Data Processing for and with Foundation Models

Data-Juicer

pypi version Docker version Docker on OSS

DataModality Usage ModelScope- Demos HuggingFace- Demos

Document_List ζ–‡ζ‘£εˆ—θ‘¨ OpZoo Paper Paper

Data-Juicer is a one-stop system to process text and multimodal data for and with foundation models (typically LLMs). We provide a playground with a managed JupyterLab. Try Data-Juicer straight away in your browser! If you find Data-Juicer useful for your research or development, please kindly support us by starting it (then be instantly notified of our new releases) and citing our works.

Platform for AI of Alibaba Cloud (PAI) has deeply integrated Data-Juicer into its data processing products.
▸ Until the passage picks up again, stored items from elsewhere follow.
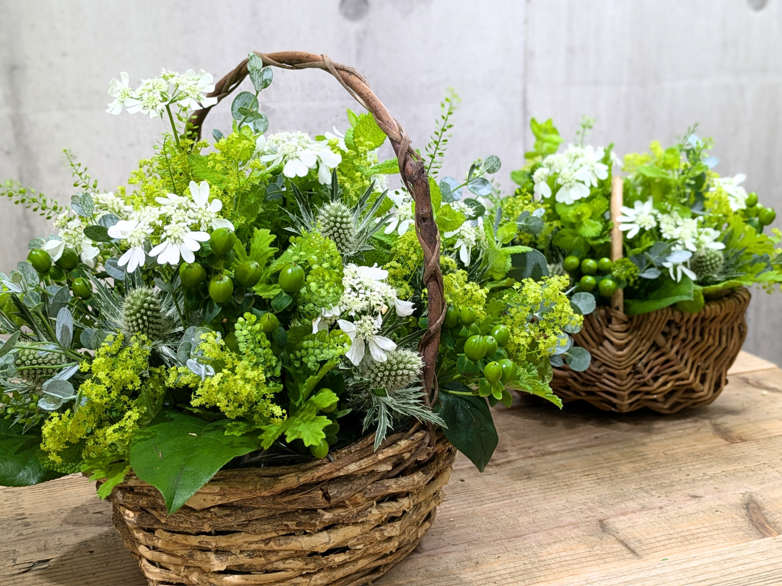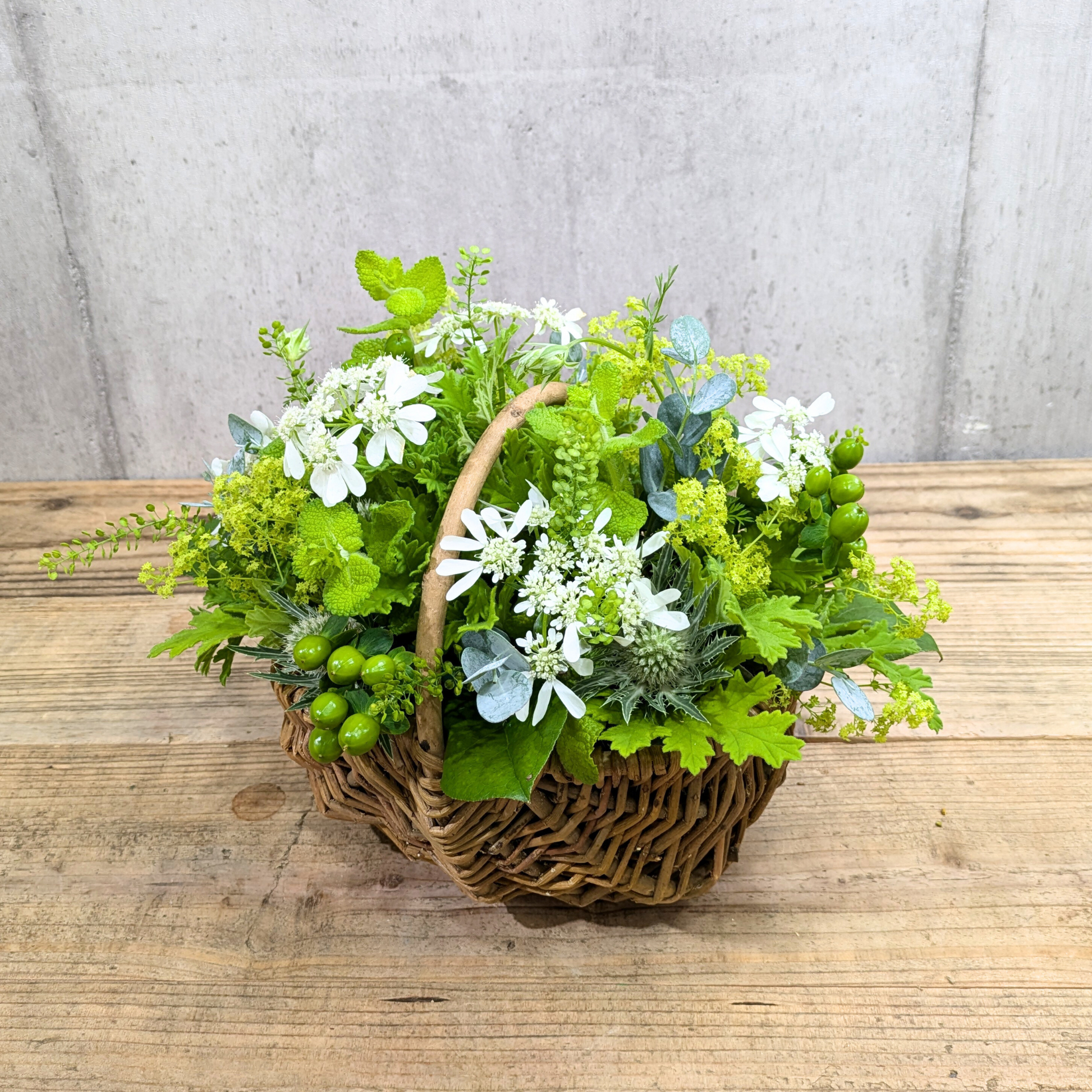 みずみずしいハーブをふんだんに使ったバスケットアレンジメントです。
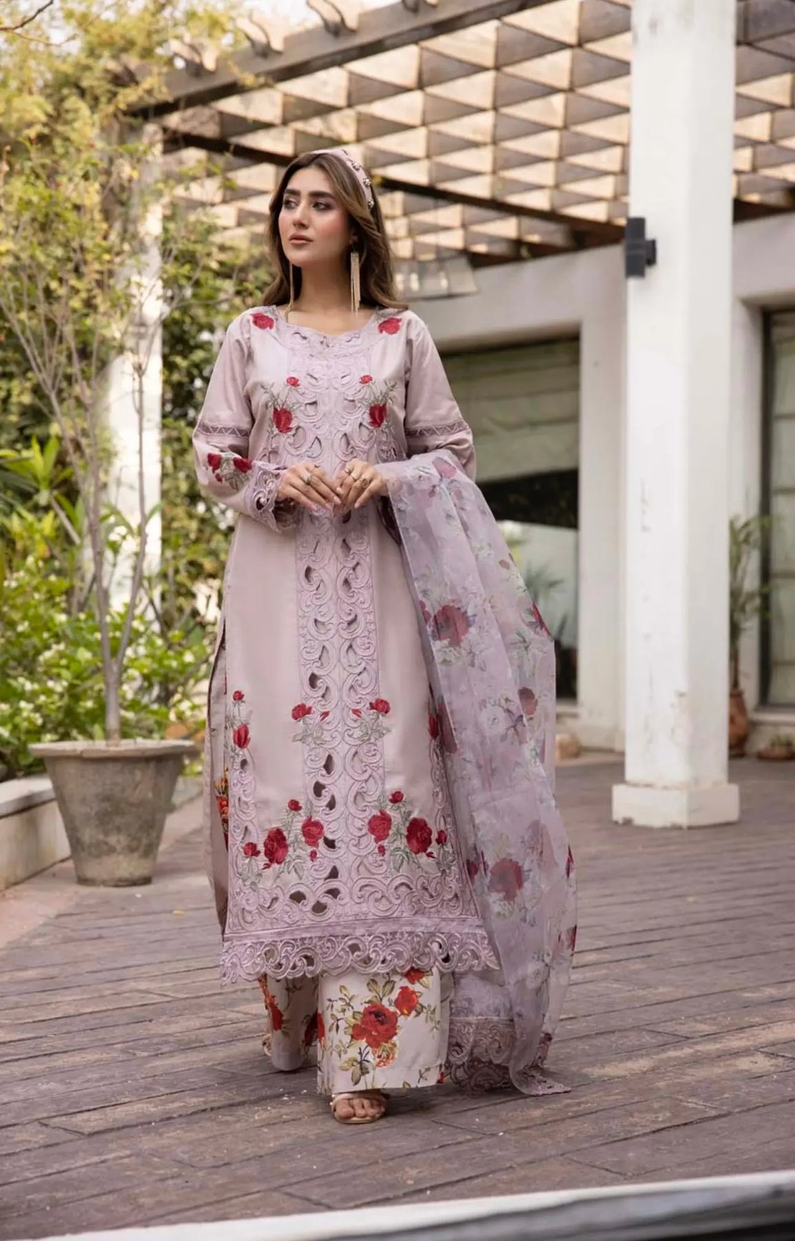 Embroidered Silk Viscose with a fancy embroidered organza dupatta
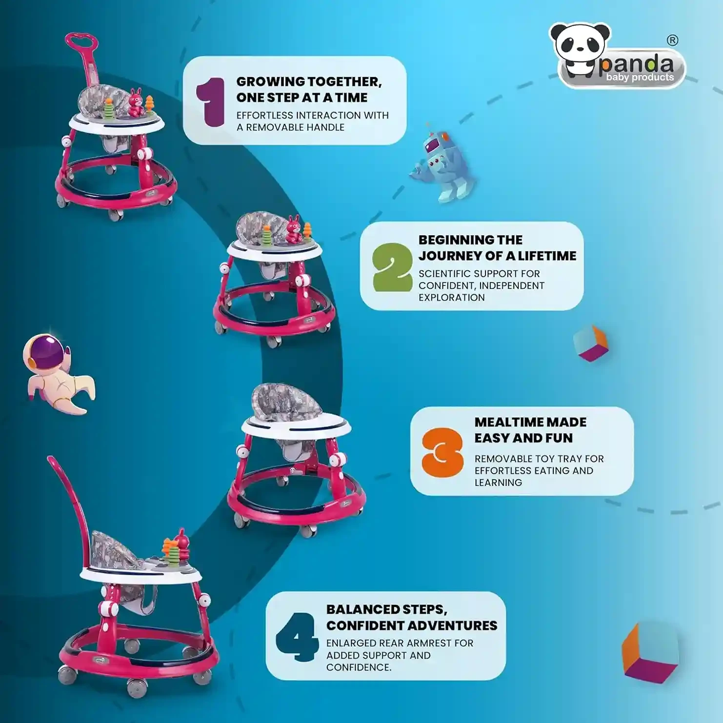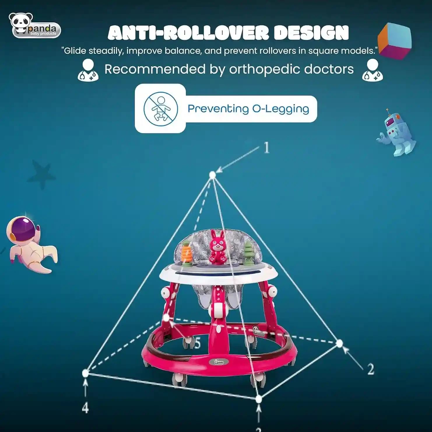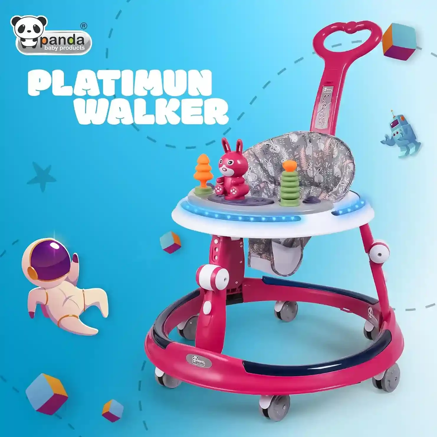 Advanced Platinum Baby Walker with 7-Level Height Adjustment, Musical Toy Tray & 360° Wheels – For Babies 6-24 Months (Red, RGB Platinum)
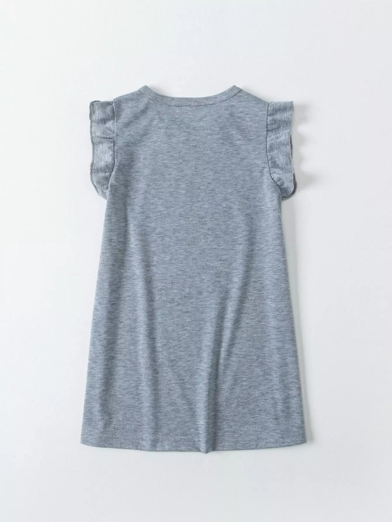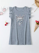 فستان بنات بطبعة قطة مطبوع عليه كشكش بأكمام كشكش
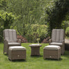- The easy to use reclining functionality of the chair, together with matching stools ensure you can lounge comfortably in the sun.

PAI is an AI Native large model and AIGC engineering platform that provides dataset management, computing power management, model tool chain, model development, model training, model deployment, and AI asset management. For documentation on data processing, please refer to: PAI-Data Processing for Large Models.

Data-Juicer is being actively updated and maintained. We will periodically enhance and add more features, data recipes and datasets. We welcome you to join us, in promoting data-model co-development along with research and applications of foundation models!

[Demo Video] DataJuicer-Agent: Quick start your data processing journey!

https://github.com/user-attachments/assets/6eb726b7-6054-4b0c-905e-506b2b9c7927

[Demo Video] DataJuicer-Sandbox: Better data-model co-dev at a lower cost!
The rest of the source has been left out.